Calling on the Colombo government and the Liberation Tigers "to
urgently allow aid workers free access to all parts of the island so
that vital supplies can reach those cut off by fighting," UNHCR
appealed for them "to permit freedom of movement to all civilians
displaced by their conflict." Since April UNHCR says 162,000 people
have become internally displaced, while 7,439 have become refugees in
Tamil Nadu.
Humanitarian agencies in Kilinochchi are targeting their help to those
displaced people – some 9,500 individuals – living outdoors under
trees, or in communal buildings, the UNHCR said in a statement from its
Geneva headquarters.
"We and our partners are now seriously concerned about the welfare of
civilians in areas inaccessible to humanitarian agencies because of
strictly enforced travel restrictions, as fighting continues in the
north and east of Sri Lanka," UNHCR spokesperson Jennifer Pagonis told
journalists in Geneva.
After the main access road to the Jaffna peninsula through the
LTTE-controlled Killinochchi district was closed, supplies of food and
water have fallen to what Pagonis described as "alarmingly low levels"
in many locations. "As a result, people are hoarding food, and
merchants are sharply hiking prices in local markets," she added.
"Unfortunately, we have limited stock [in LTTE-controlled Kilinochchi]
and are not sure when new stock will arrive because of restrictions on
road transport," said Pagonis.
The UNHCR’s appeal for civilians to have freedom of movement to escape
fighting comes amid numerous reports from Jaffna that Sri Lankan troops
in areas being targeted by LTTE artillery are blocking civilians trying
to move to safer areas of the peninsula.
The situation in Point Pedro, in the north of the Jaffna peninsula, is
even more fluid and unpredictable than in Jaffna town.
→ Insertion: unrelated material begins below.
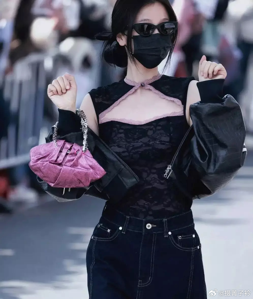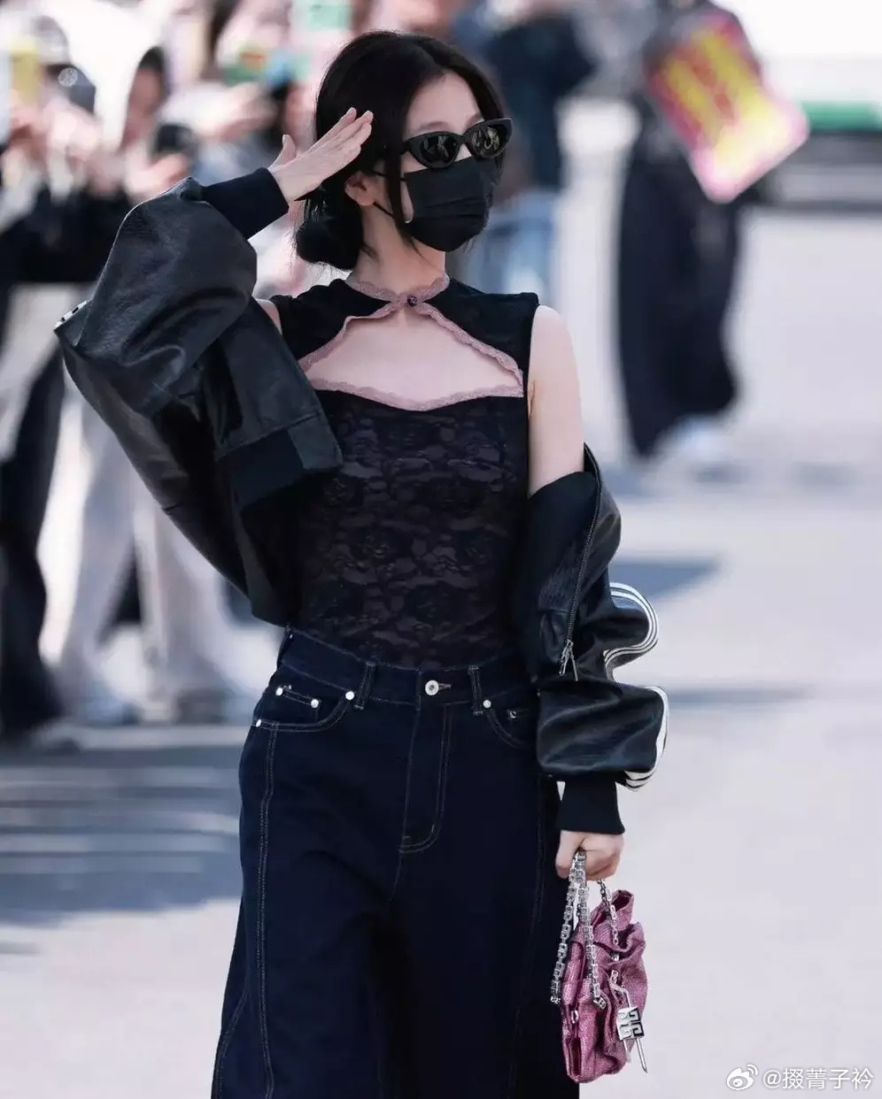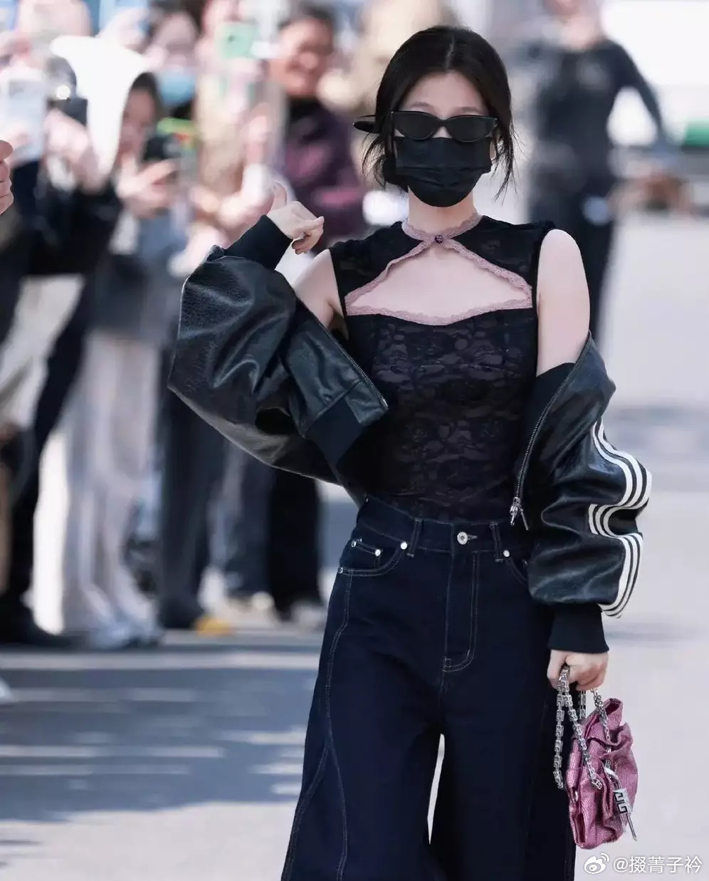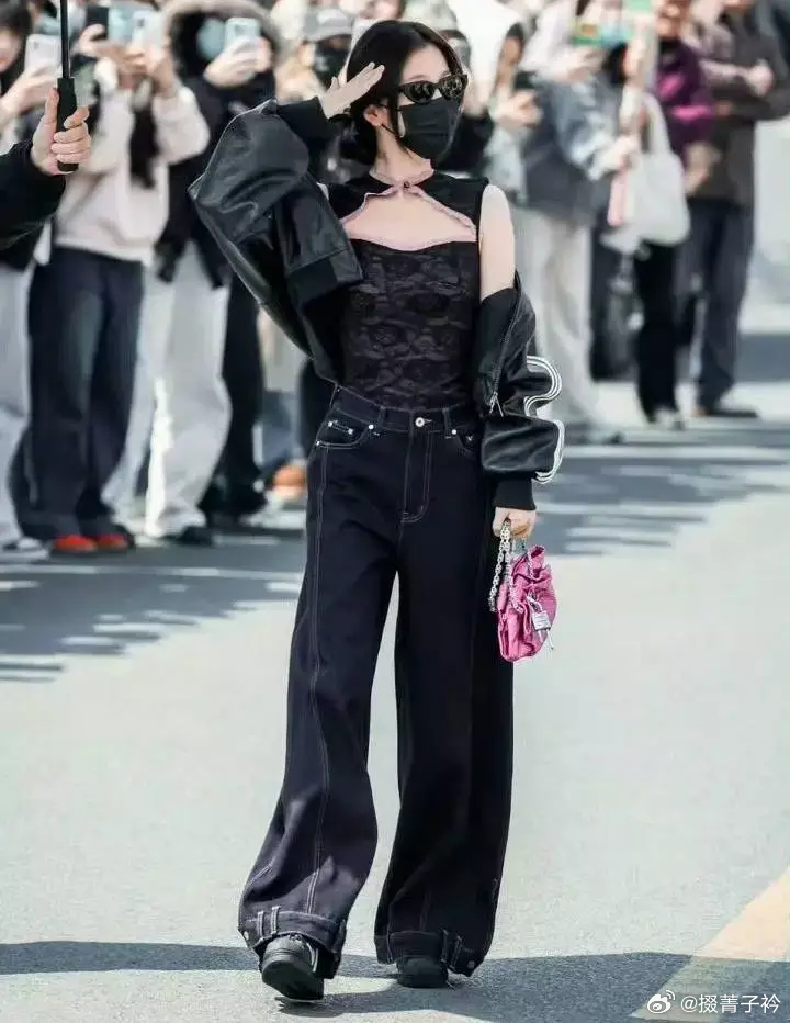 分享娱乐虞书欣穿黑蕾丝拼接上衣,外搭皮夹克,配阔腿牛仔裤,甜酷感十足。

Displaced
civilians in Point Pedro are staying in vacant homes and with host
families, and UNHCR and its partners fear they may not have adequate
electricity, water and sanitary facilities.
"Eastern districts face a similar crisis," Pagonis said. "Thousands of
displaced families in Muttur and Eachchilampattu divisions of
Trincomalee district, and Vaharai division in Batticaloa district, are
in desperate need of sustained humanitarian relief."
"We have gained limited access to Vaharai," Pagonis said, referring an
area of Batticaloa receiving many thousands of displaced people from
neighbouring Trincomalee.
Since fighting began to flare up in Sri Lanka in April, UNHCR has
recorded 162,000 Sri Lankans who have fled their homes but remain
within the country, as well as 7,439 who have crossed the Palk Strait
to become refugees in southern India's Tamil Nadu state.